Соответствующая реакция России на военно-технические приготовления США и их союзников в Европе также строго дозирована, что хорошо иллюстрируется действиями НАТО и России в мае 2019 года, когда блок принял новую оборонительную стратегию, а Россия – соответствующие ответные меры. В частности, Генсек НАТО Йенс Столтенберг в мае 2019 года сообщил о принятии новой военной стратегии альянса якобы из-за «ядерной угрозы» со стороны России, а министр обороны России С. Шойгу пообещал, что Москва будет принимать меры, в том числе асимметричные, в ответ на действия стран НАТО у российских границ. (В реальности Генштаб РФ только анонсировал некоторое усиление войск Западного и Южного военных округов)[15]. В действительности, западная риторика намного опережает реальные поступки.

На этих примерах можно наглядно убедиться, насколько общее состояние МО и ВПО, - а также, в данном случае, политика западной военно-политической коалиции,  - непосредственно и реально влияет на Россию. Причём не только и не столько её внешнюю политику, сколько на внутреннюю и социально-экономическую. Как видно из матрицы, приведённой в таблице, наибольший внешнеполитический эффект ожидается от расширения производства внутри США.

Рис. 2. Влияние политики США на Россию

Как видно из анализа, наиболее эффективные меры влияния на Россию в этом списке – первые две позиции: собственное увеличение производства энергоресурсов в США и политика санкций.
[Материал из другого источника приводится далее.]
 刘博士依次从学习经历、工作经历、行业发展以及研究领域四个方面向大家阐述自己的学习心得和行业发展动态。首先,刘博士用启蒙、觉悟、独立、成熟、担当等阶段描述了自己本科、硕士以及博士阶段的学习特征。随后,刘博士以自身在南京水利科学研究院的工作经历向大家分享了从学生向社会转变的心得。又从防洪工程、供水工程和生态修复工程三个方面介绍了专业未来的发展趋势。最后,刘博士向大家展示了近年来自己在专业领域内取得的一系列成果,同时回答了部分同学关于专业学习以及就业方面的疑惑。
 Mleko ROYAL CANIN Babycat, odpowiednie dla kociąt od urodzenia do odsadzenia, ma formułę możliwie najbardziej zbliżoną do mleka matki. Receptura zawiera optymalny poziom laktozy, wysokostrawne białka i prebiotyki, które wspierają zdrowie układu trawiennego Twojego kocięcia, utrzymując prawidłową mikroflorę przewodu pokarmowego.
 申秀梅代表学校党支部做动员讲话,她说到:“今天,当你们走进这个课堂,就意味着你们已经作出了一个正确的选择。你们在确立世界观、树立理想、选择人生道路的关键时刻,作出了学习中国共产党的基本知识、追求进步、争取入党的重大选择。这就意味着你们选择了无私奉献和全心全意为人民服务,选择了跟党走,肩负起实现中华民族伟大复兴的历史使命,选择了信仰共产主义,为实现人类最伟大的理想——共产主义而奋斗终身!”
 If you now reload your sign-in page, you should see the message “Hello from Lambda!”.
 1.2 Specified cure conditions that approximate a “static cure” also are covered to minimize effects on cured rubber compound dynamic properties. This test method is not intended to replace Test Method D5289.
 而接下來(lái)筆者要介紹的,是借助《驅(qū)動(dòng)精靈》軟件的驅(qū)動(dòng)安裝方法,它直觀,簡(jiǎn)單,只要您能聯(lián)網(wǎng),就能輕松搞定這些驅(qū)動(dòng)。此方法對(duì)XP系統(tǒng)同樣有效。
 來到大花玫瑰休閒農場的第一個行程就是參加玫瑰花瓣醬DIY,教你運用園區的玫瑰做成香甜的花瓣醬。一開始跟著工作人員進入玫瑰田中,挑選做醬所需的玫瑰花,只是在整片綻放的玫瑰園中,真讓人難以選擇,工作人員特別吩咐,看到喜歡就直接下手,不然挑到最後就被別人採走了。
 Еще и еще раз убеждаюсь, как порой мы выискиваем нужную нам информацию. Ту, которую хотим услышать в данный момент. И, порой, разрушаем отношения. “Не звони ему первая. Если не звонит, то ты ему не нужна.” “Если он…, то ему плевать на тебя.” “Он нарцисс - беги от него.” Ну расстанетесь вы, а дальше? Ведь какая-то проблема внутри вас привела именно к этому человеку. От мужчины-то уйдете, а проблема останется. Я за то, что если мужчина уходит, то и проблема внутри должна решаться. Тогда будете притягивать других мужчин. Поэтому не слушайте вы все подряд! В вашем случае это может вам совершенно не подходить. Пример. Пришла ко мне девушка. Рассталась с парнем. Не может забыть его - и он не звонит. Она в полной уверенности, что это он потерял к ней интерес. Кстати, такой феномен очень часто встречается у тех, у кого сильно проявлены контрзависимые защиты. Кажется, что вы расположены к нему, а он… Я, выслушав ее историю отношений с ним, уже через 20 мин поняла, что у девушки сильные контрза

Влияние Европы оценивается как «среднее». Особенно привлекают внимание те информационно-когнитивные меры, которые направлены на внутриполитическую дестабилизацию России. Американские эксперты обращают внимание на то, что внешнеполитическое и информационное давление на Россию дает скромные или незначительные результаты при достаточно высоких степенях риска.

Санкции могут использоваться как непосредственно США, так и их союзниками по коалиции, например, как в случае с обвалом цен, Саудовской Аравией. Причём косвенно эти санкции поддерживаются и другими странами, в том числе и теми, которые участвуют в силовом противоборстве с СГА, например, Китаем. Так, один из крупнейших мировых потребителей нефти, Китай, судя по всему, принял явно не российскую сторону, отказавшись от ряда поставок нашего «черного золота».
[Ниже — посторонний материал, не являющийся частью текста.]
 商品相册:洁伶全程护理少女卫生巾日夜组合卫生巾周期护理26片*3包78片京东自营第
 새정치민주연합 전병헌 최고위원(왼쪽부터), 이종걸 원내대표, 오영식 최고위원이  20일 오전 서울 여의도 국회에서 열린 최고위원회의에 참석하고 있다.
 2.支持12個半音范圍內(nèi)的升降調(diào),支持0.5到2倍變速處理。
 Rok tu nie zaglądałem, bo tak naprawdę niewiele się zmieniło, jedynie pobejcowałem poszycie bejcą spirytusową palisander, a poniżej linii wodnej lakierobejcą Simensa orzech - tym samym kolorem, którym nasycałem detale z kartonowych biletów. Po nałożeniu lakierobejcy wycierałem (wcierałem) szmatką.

Китайская государственная нефтяная компания Sinochem Corp., являющаяся одним из крупнейших тамошних импортеров энергоресурсов, категорически отвергла возможность принимать любые грузы, так или иначе связанные с российской компанией «Роснефть», в отношении некоторых подразделений которой в мае должны вступить в силу санкции США. Напомним, 18 февраля 2020 года Вашингтон включил швейцарскую трейдерскую структуру «Роснефти», Rosneft Trading S.A., а также компанию TNK Trading International (TTI) в санкционный список (SDN List) за операции в Венесуэле. При этом американцами было объявлено компаниям, что последний срок сворачивания операций – 20 мая.

В ПАО «Газпром», кроме того, заговорили о возможной остановке газопровода «Сила Сибири». Речь шла о якобы плановых профилактических работах, однако ряд источников указывает на то, что истинной причиной может стать снижение Поднебесной импорта российского «голубого топлива». Падение объемов производства во время распространения в стране COVID–19, безусловно, снизило потребности Китая в энергоносителях, однако настораживает то, что прописанное в торговом соглашении с США обязательство резко увеличить закупки американского СПГ там, похоже, собираются соблюдать неукоснительно – в ущерб поставкам нашего газа.
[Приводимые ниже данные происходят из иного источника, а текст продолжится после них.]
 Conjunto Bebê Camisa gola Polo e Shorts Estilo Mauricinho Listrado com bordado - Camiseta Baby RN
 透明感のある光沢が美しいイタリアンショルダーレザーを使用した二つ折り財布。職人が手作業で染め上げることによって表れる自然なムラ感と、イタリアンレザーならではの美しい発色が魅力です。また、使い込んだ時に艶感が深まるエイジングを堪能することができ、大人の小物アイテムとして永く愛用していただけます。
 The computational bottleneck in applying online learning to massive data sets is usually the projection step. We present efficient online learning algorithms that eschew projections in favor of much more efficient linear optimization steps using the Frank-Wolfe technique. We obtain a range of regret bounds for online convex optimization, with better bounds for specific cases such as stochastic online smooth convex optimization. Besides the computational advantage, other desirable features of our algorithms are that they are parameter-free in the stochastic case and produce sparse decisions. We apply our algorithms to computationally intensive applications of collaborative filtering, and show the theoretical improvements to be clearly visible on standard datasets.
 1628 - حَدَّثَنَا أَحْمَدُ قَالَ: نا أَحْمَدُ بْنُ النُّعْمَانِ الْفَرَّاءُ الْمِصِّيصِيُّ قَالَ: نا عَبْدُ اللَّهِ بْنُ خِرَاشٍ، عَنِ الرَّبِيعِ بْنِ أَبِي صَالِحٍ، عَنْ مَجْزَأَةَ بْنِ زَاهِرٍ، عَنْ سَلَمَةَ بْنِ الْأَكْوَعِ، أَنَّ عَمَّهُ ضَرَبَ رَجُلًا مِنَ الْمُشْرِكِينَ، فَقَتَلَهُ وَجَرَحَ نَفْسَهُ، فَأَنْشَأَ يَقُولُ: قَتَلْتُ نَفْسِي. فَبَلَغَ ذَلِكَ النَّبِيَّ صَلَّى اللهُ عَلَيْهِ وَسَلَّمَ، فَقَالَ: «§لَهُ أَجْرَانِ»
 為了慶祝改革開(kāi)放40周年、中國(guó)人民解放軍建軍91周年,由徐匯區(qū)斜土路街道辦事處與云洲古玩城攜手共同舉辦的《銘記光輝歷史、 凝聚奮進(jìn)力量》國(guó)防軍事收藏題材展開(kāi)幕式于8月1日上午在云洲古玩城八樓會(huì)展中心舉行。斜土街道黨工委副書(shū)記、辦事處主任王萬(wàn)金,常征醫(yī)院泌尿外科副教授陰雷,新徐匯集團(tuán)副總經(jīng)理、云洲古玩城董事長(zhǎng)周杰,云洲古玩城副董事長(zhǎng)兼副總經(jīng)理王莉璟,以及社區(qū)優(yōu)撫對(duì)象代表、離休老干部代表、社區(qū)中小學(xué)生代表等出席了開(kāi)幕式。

Позиция, занятая Китаем в отношении «Роснефти» и «Газпрома», является весьма тревожным сигналом. Эта страна является крупнейшим покупателем российской нефти: в прошлом году именно туда ушло 47% нефтяного экспорта по трубопроводам (40 из 84 млн тонн) и больше трети поставок через порты. Утрата Россией рынка Поднебесной станет более чем болезненным ударом для отечественной нефтедобывающей отрасли. Увы, китайские товарищи в очередной раз демонстрируют, что рассматривать их в качестве «союзников» России было бы делом легкомысленным и опасным. Как и ранее, Пекин продолжает действовать, преследуя исключительно собственные интересы и не особо считаясь с глобальными интересами той страны, которую вроде бы позиционирует в качестве дружественной»[16]

Таким образом, мы наблюдаем очевидный поиск в США и странах-союзниках наиболее эффективных (наименее затратных и рискованных, но имеющих влияние на Россию) силовых средств, среди которых в дальнейшем эксперты РЭНД-корпорации рассматривают набор наиболее эффективных силовых средств геополитического (политико-экономического и военно-политического) и информационно-когнитивного характера, которые в итоге по критерию «стоимость-эффективность» не превышают средних оценок, а влияние на Россию оценивается как «низкое». Проведённый экспертами анализ показывает, что военно-силовые средства по отношению к России достаточно рискованы, а их эффективность, как и результаты, минимальна.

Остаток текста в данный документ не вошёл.